Dear Bioconductor Support Forum,
we are using DESeq2 to call differentially expressed window for overlapping sliding window on transcriptomic regions (50nt, 20nt steps for testing, this can vary). Because the different properties of our data (eCLIP), csaw is not optimal for multiple reason (different preprocessing is needed, winding up in 1nt positions rather than reads, high-background signal of the data which leads to long stretches for SIME correction (although you can restrict that, this is suboptimal), RNA-binding proteins have different binding modes to transcription factors so the SIMES multiple hypothesis correction may not be appropriate, we do not want to test vs extended backgrounds (like windows + flanks) because transcriptomic backgrounds are so variable, etc). Therefore we see the need for a specialised package for iCLIP/eCLIP data instead of using the great csaw package.
Eventually our pre-processing will result in a count matrix having counts for each window for each replicate for samples (IPs) and input controls (SMI). We also have location information for all windows.

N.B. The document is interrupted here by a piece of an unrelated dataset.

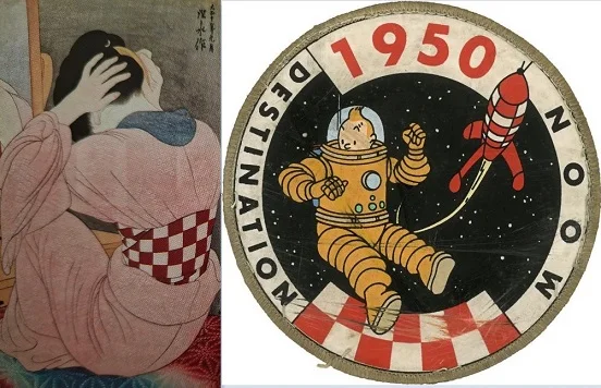 It might have been that Belgian comic books artist Hergé (1907-1983) was inspired by a 1921 artwork by Japanese Ito Shunshi (1898-1972) for his 1950 Tintin " Explorers On The Moon comic books ?

Recently, we got feedback and ended up in two approaches and would appreciate your feedback what you think is the right thing to do, or if you have any ideas or comments:
Approach 1) In short, we estimate size factors, perform DESeq2 dispersion estimation and wald test. We modified DESeq2 results function to filter windows with negative wald stat values (ie ve log2foldchanges) and do a right-tailed test on the remaining windows. For the overlapping windows, we are currently using Bonferroni to correct for overlaps (family wise error). In this case, we consider all windows around that overlaps with the current window, irrespective of whether the window is filtered out in the previous step or not. Then we perform multiple hypothesis correction on all corrected p-values. Significant windows will be reported, as well as we provide a function to merge neighbouring windows to enriched regions.
With this approach we can identify smaller binding sites, as well as long big stretches of binding. We do not see any unspecific length biases from the target (longer RNAs are not preferred). We could validate various hits of the results in the lab of three independent proteins and are very happy and confident about results so far. Of course this is a rather a conservative approach.
We got the feedback that DESeq2 and IHW can handle overlaps, as long as the covariate is independent, like baseMean and should try
DESeq2 with right-tailed testing, but without any correction for overlaps. IHW for multiple hypothesis correction and again, the possibility to merge significant windows.
Problem: with this approach we do see slight length biases (longer RNAs are more targets) - however less than current peak callers. Naturally, the same top targets which we validated are found, but more windows are significant. It seems that this approach accumulates false positives.
We would like feedback if you think approach 1, 2 or none is correct and especially would appreciate ideas or comments.
Eventually we will work an approach with wavelets but for now approach 1 or 2 are showing promising results compared to current methods. Current gold standards for eCLIP analysis do not use replicates or just start using them and most of them do not use the control properly.
Thank you very much and we are happy to hear your comments.